◆ ASSIGNMENT: In the entries below, find the line with "Wonderlady Cotton Nightsuit" and the line with "Fritidshuset rummer 55", then retype both and everything between them exactly. Do not copy the pictures.

◆ EXERCISE INPUT:
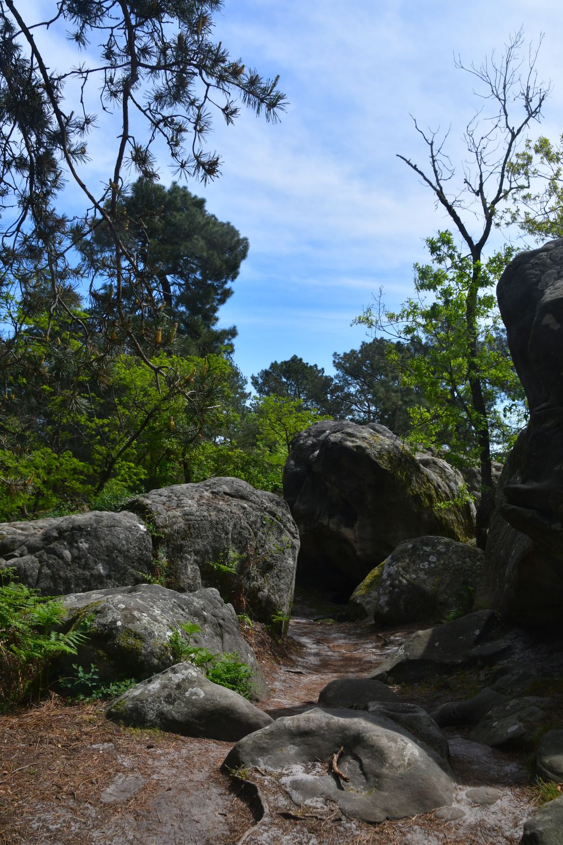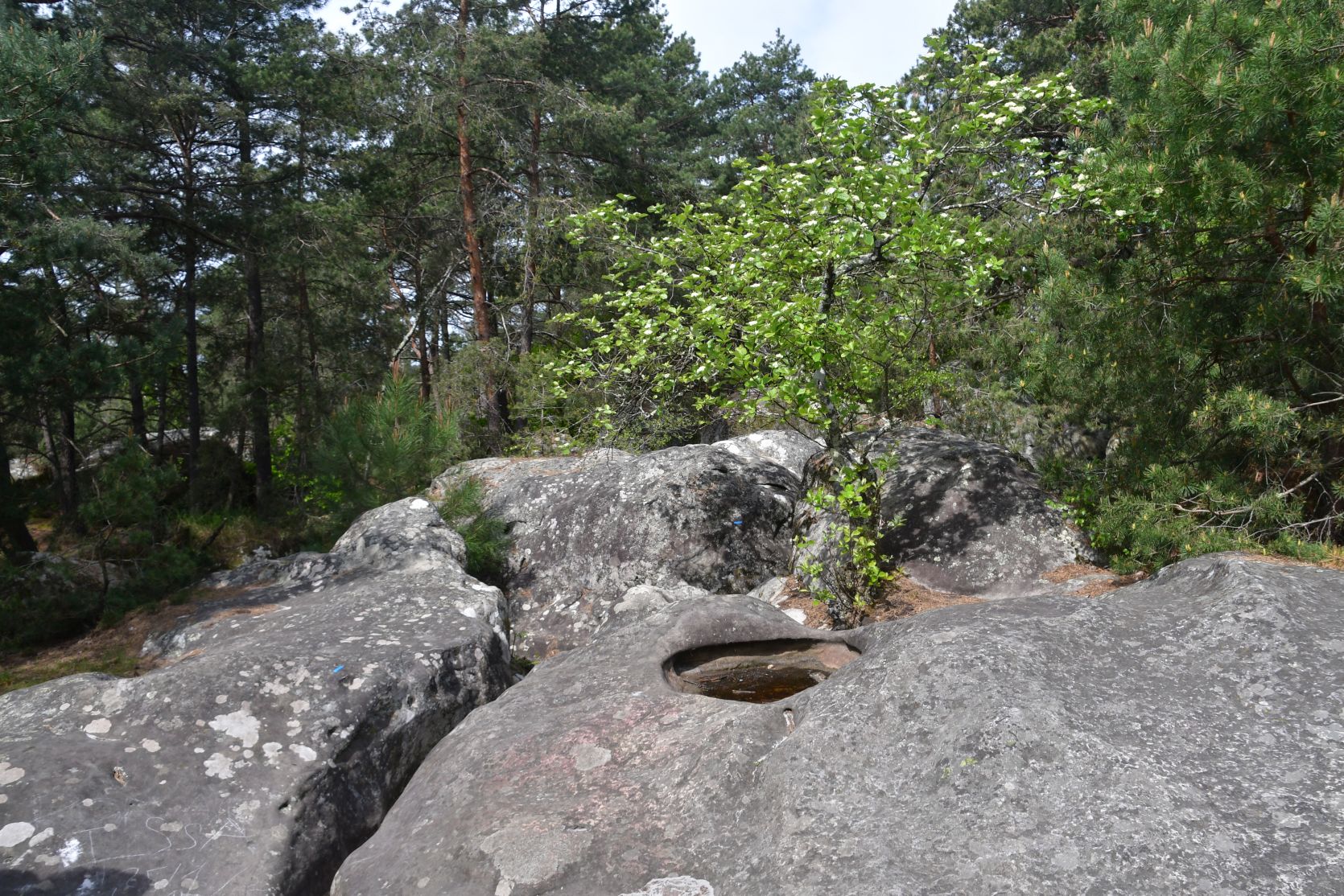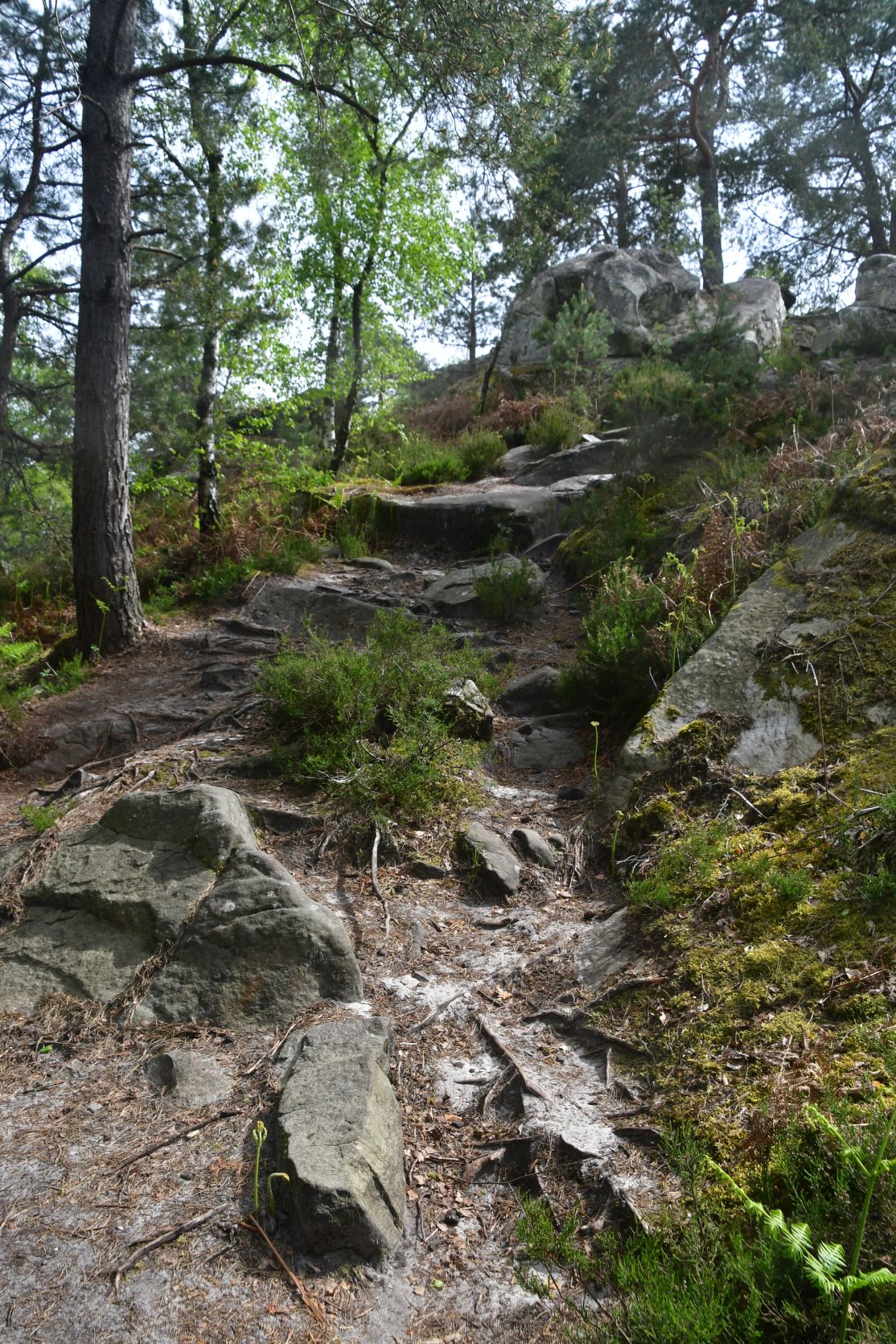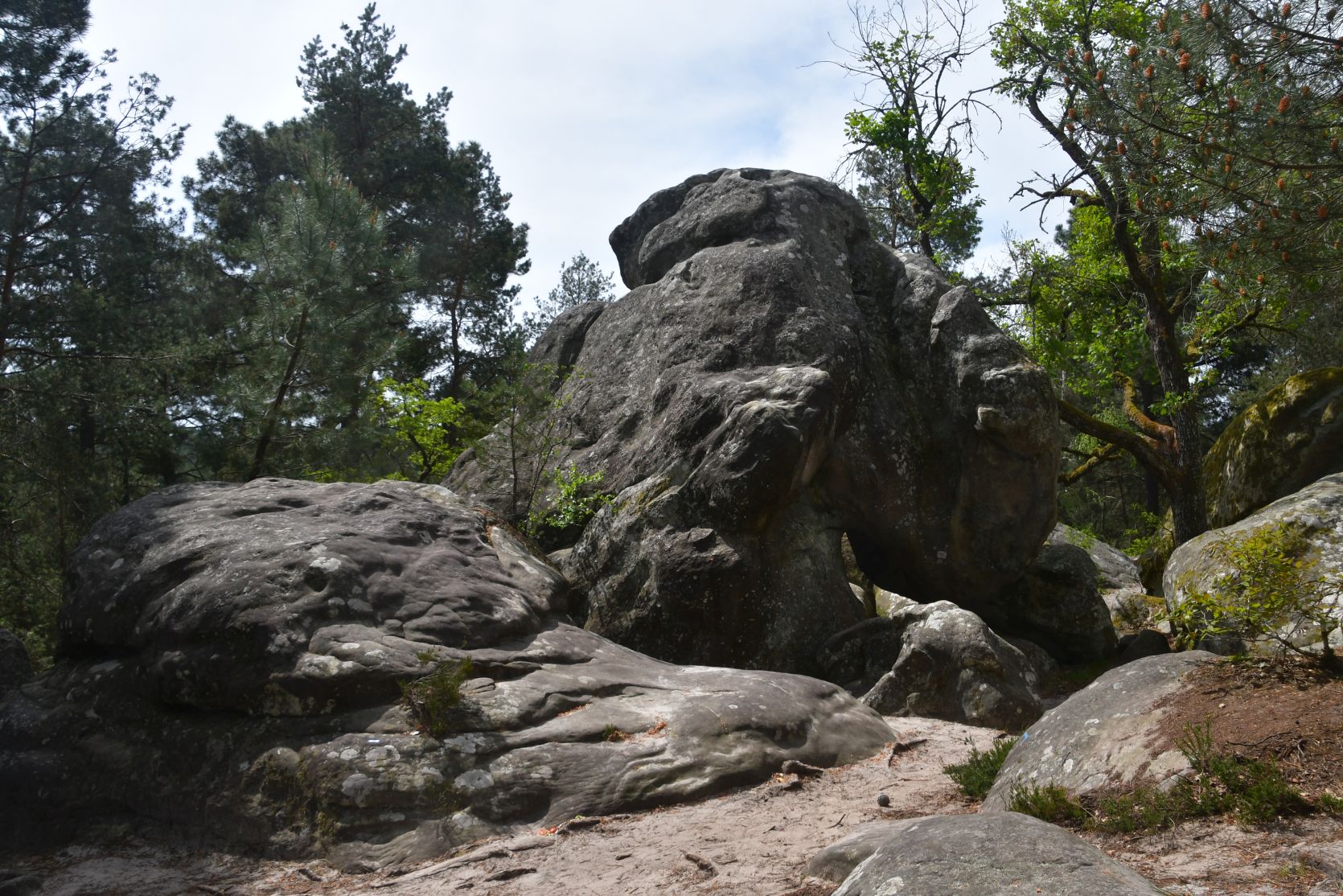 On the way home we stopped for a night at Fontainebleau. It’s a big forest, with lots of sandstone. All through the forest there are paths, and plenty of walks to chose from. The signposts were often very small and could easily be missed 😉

...

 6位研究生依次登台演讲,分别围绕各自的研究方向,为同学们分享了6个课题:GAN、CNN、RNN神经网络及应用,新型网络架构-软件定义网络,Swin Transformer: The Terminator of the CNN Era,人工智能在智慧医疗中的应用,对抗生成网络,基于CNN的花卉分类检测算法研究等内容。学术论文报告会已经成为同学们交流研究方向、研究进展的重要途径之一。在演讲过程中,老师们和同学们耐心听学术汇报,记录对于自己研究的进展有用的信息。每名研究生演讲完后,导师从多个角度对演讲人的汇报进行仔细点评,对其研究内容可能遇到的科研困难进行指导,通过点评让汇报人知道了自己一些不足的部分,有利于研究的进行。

--

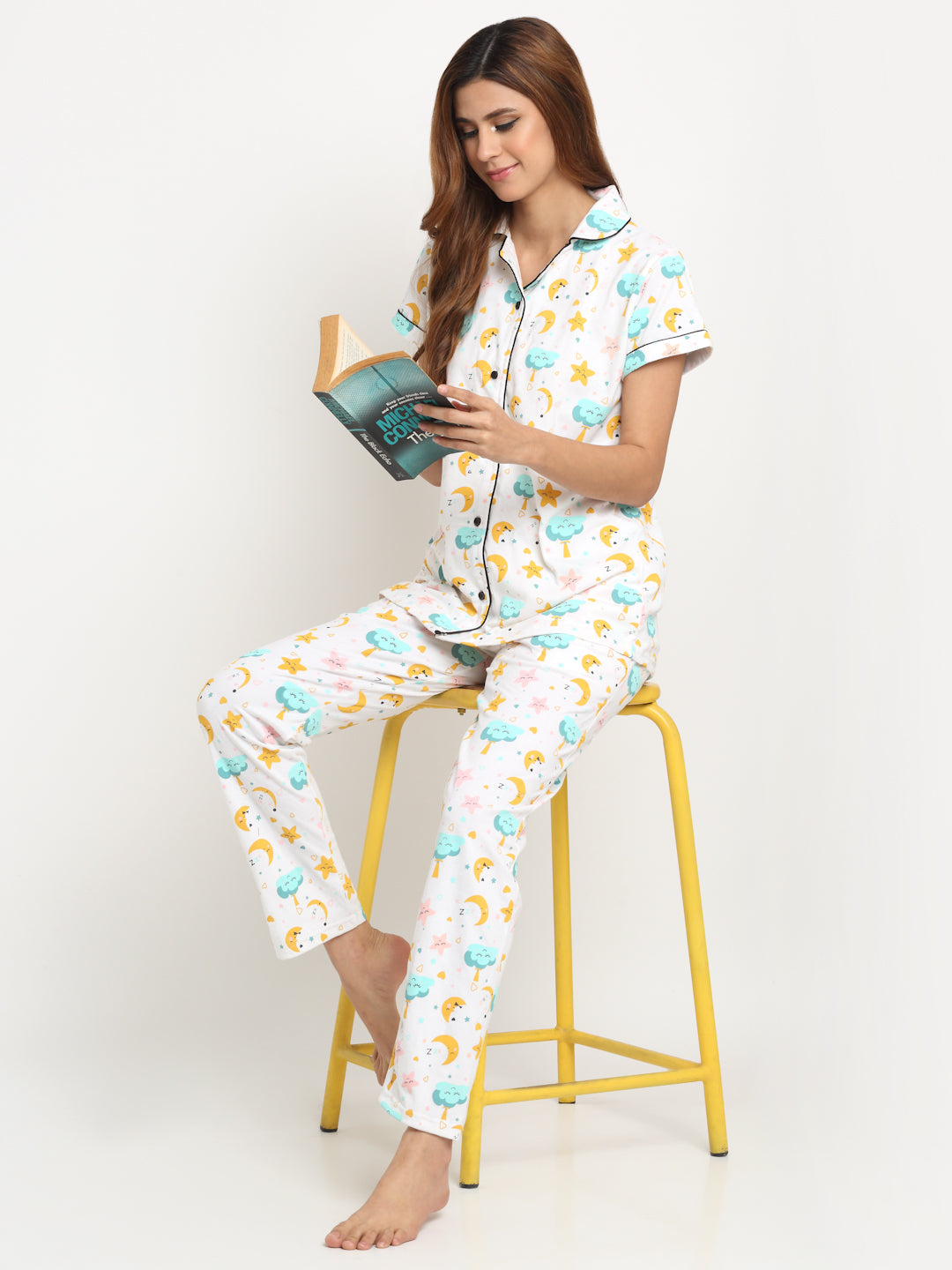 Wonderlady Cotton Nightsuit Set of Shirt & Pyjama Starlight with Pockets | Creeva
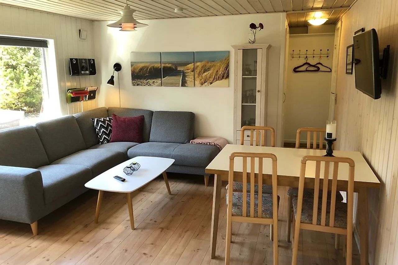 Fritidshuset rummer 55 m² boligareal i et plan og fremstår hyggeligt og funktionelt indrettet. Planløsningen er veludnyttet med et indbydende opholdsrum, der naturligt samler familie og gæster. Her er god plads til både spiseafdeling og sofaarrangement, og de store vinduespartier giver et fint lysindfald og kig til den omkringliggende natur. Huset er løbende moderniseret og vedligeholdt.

◆ RESULT OF THE TASK:
 Wonderlady Cotton Nightsuit Set of Shirt & Pyjama Starlight with Pockets | Creeva
 Fritidshuset rummer 55 m² boligareal i et plan og fremstår hyggeligt og funktionelt indrettet. Planløsningen er veludnyttet med et indbydende opholdsrum, der naturligt samler familie og gæster. Her er god plads til både spiseafdeling og sofaarrangement, og de store vinduespartier giver et fint lysindfald og kig til den omkringliggende natur. Huset er løbende moderniseret og vedligeholdt.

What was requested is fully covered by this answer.